The event was greeted with triumphal sighs of relief on Wall Street. My guess is this was so only because the managers of money think it will keep appearances pasted together just long enough for them to crawl over the Christmas bonus finish line. It seems to me that there is still plenty of room left for things to go awry.
Another big spur to last week's engineered rally was the chatter about a distressed mortgage bail-out scheme by Secretary of the Treasury Hank Paulson and others. It would be nice, perhaps, if some honcho-wizard could wave his magic wand and command the adjustable mortgages to magically stand pat for an indefinite period -- say, long enough to sort out the value of all those dubious MBSs and CDOs -- but despite the appearance of good intentions, such a program has no practical viability whatsoever.For one thing, nobody really knows where the actual ownership of the individual mortgages has actually landed. This is a major awful consequence of the scheme to disperse risk so widely in the creation of these derivatives. The scheme was so successful that now nobody knows which mortgage belongs to whom and how to begin renegotiating it. So any talk about restructuring these mortgages is absurd, since to do so would require agreement between the borrowers and the lenders. All the lawyers who ever lived would not be able to sort out this mess, and most of the money at stake would end up going to the lawyers now living if the process were to go forward.

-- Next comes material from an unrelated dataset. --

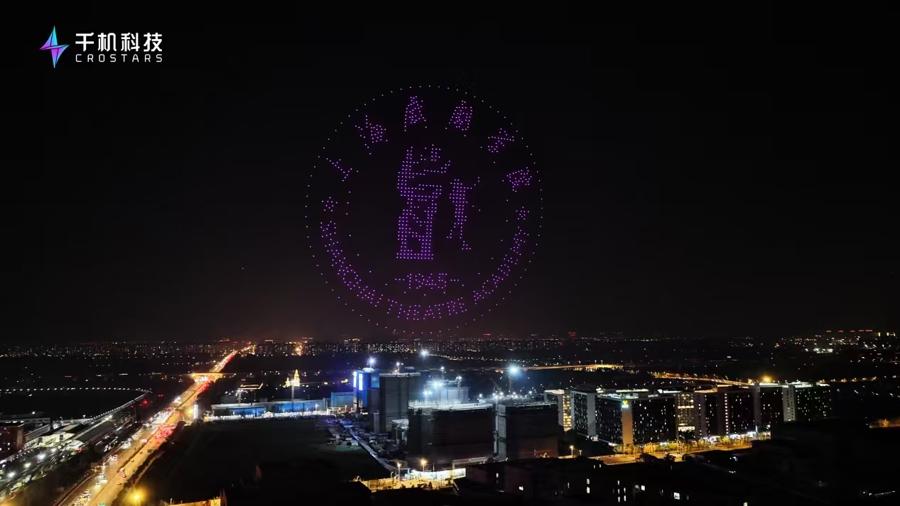 作爲校慶系列活動的科技亮點,以“戲劇之源,歷史迴響”爲主題的無人機編隊燈光秀在昌林路校區主廣場上演。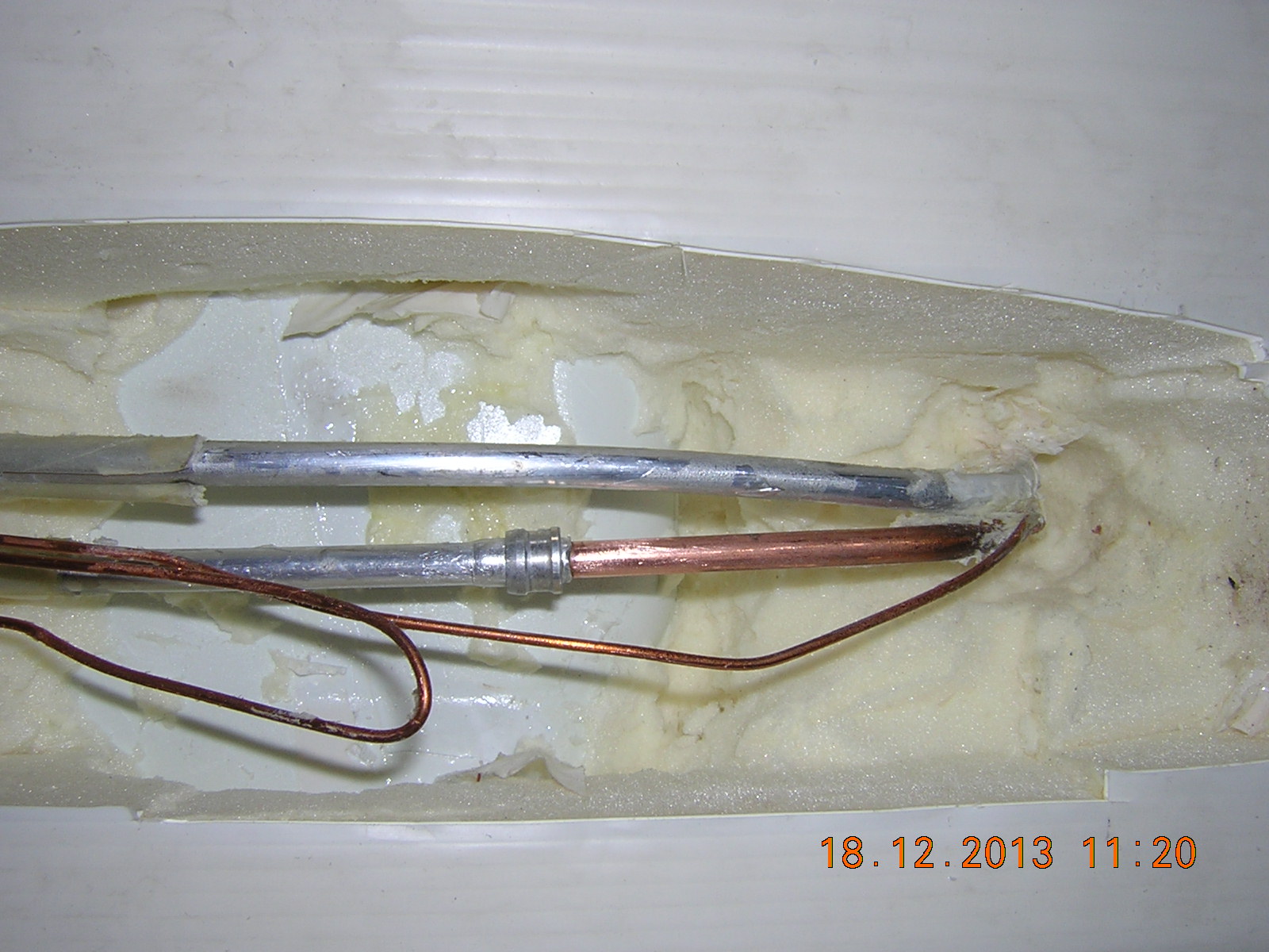 Pojavila se nova stvar kod ovog frizidera.Nije gas curio na spoju kako sam sumnjao nego je aluminijumska cev koj vodi od gornjeg isparivaca prema donjem gde se spaja sa bakarnom bila porozna i mislim da je do probijanja na cevi doslo uglavnom duz linije gde je kapilarna bakarna cev bila pripojena u termoskupljajucem plasticnom srevu.To se vidi po tragu od kapilare i rupicama uzduz tog traga. Mislim da su bar na ovom mom Indesitu ugradjene veoma lose alu cevi na kojima sam video poroznost i na unutrasnjoj strani.Zamenio sam ovu cev sa bakarnom i ugradio novi isparivac unutra.Sada se samo bojim da ne pusta i na alu cevima koji vode do dojneg isparivaca i od njega do kompresora.Ako se i tamo pojavi bice jos dosta posla.Pretpostavljam da je zamrzivacki isparivac od celicne hromirane cevi pa cu moci ako treba da spojim sa bakarnim samo sto ce posao biti veci nego ovo dosada. U prilogu stavljam slike alu cevi gde se vidi poroznost na njoj i mislim da je sramota za Indesit sto ovako los materijal ugradjuje ili je to mozda radjeno za "nasa istocna trzista"

All this is apart, by the way, from the question as to whether insolvent homeowners could keep up with their payments whether the rates were frozen or not, not to mention the further unsettling prospect that the interest deferred would only end up being added to their principal even while the market value of their houses spiraled ever-lower in the ongoing bubble bust.

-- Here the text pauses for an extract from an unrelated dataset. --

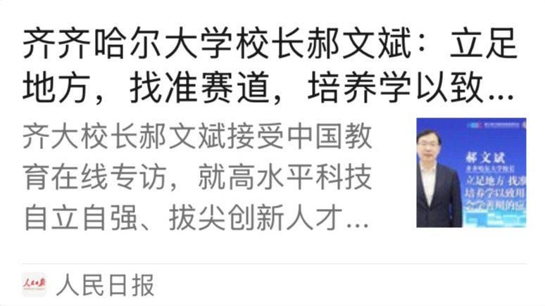 11月15日至17日,由中国高等教育学会主办,重庆市教育委员会、重庆大学等单位承办的第62届中国高等教育博览会在重庆国际博览中心举行。在参加会议期间,sunbet申搏校长郝文斌接受了中国高等教育学会联合中国教育在线推出的《高教前沿》系列访谈栏目专访。郝文斌以《立足地方,找准赛道,培养学以致用、会学善用的应用型人才》为题,主要就高水平科技自立自强、拔尖创新人才培养、人工智能对教育的挑战等问题分享了观点。采访报道得到中宣部“学习强国”平台、“人民日报”人民号、中国教育在线等平台专题刊发。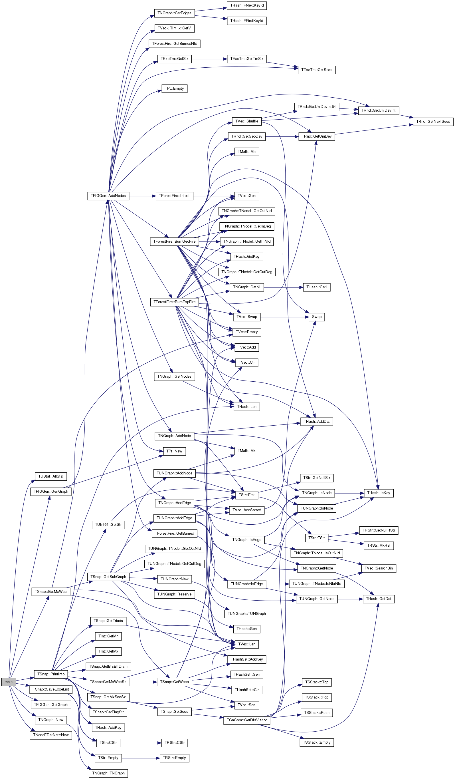 References TGStat::AllStat(), TFfGGen::GenGraph(), TFfGGen::GetGraph(), TSnap::GetMxWcc(), TNGraph::New(), TNodeEDatNet< TNodeData, TEdgeData >::New(), TSnap::PrintInfo(), TInt::Rnd, and TSnap::SaveEdgeList().

A blanket freeze would further degrade the legitimacy of contracts between all borrowers and lenders, making it impossible to price in risk for any future lending contracts -- since they would now be susceptible to arbitrary changes-in-terms by authorities in charge. In the meantime, a court in Ohio has already ruled that one major bank (Deutsche Bank) which thought it held mortgages there, had no legal standing to foreclose on non-performing properties (STORY). Also meanwhile, public investment funds from Florida to Norway are hemorrhaging because of mortgage-associated derivatives clogging their portfolios. Meanwhile, moreover, credit markets have seized up because those supposedly holding capital can't say how much they really have, and are now terrified of loaning out "money" that might actually not be there, not in accounts receivable, not on or off any books, just... not... there... anymore....

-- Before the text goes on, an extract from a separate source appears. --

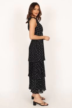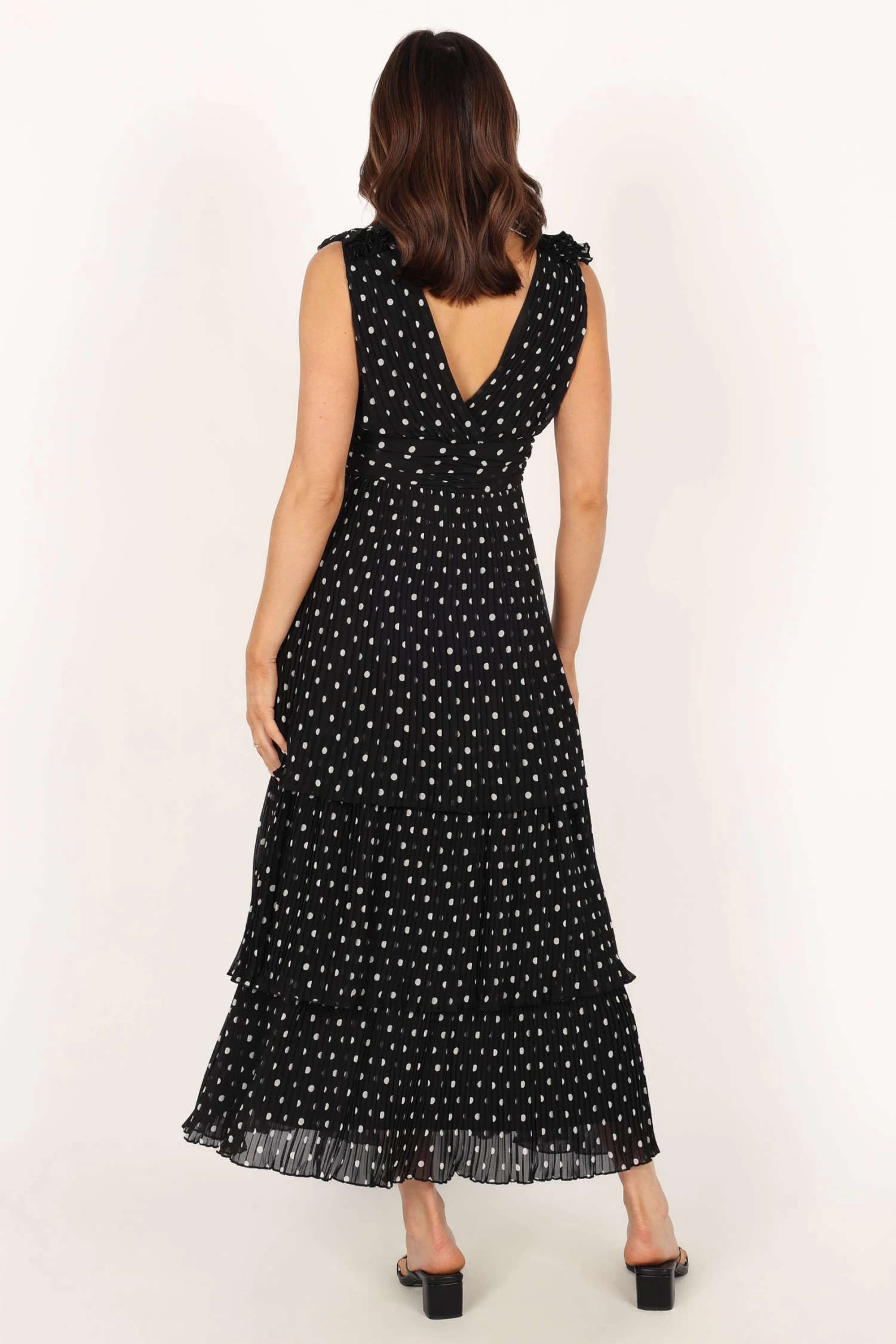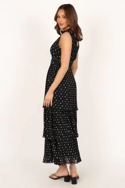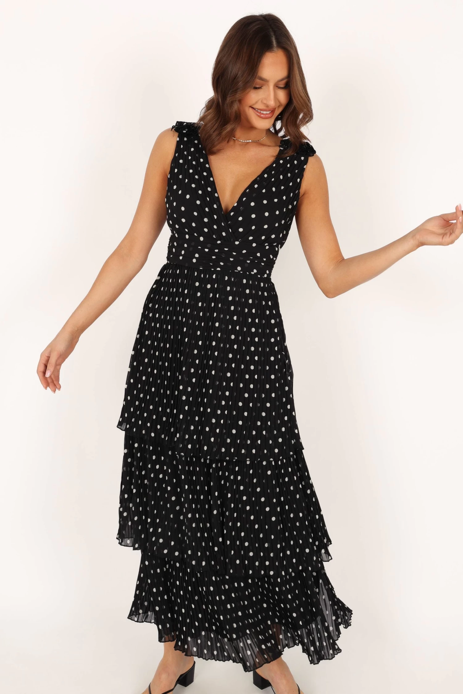 | DETAILS Make a timeless statement with this stunning black and white polka dot maxi dress. Featuring a crossover neckline, non adjustable straps with ruffle detail, gathered bodice feature and invisible side zip with hook and eye clasp, this dress is perfect for any special occasion.

The recognition is growing that our financial markets have been subject to mischief so egregious that there will be hell to pay. The current "distress" is the inability of the markets to function -- no matter what the Dow Jones Industrial Average appears to say at any given moment. The legitimacy of the markets and those now pretending to preside over them hangs in the balance as we slide sickeningly into the holidays.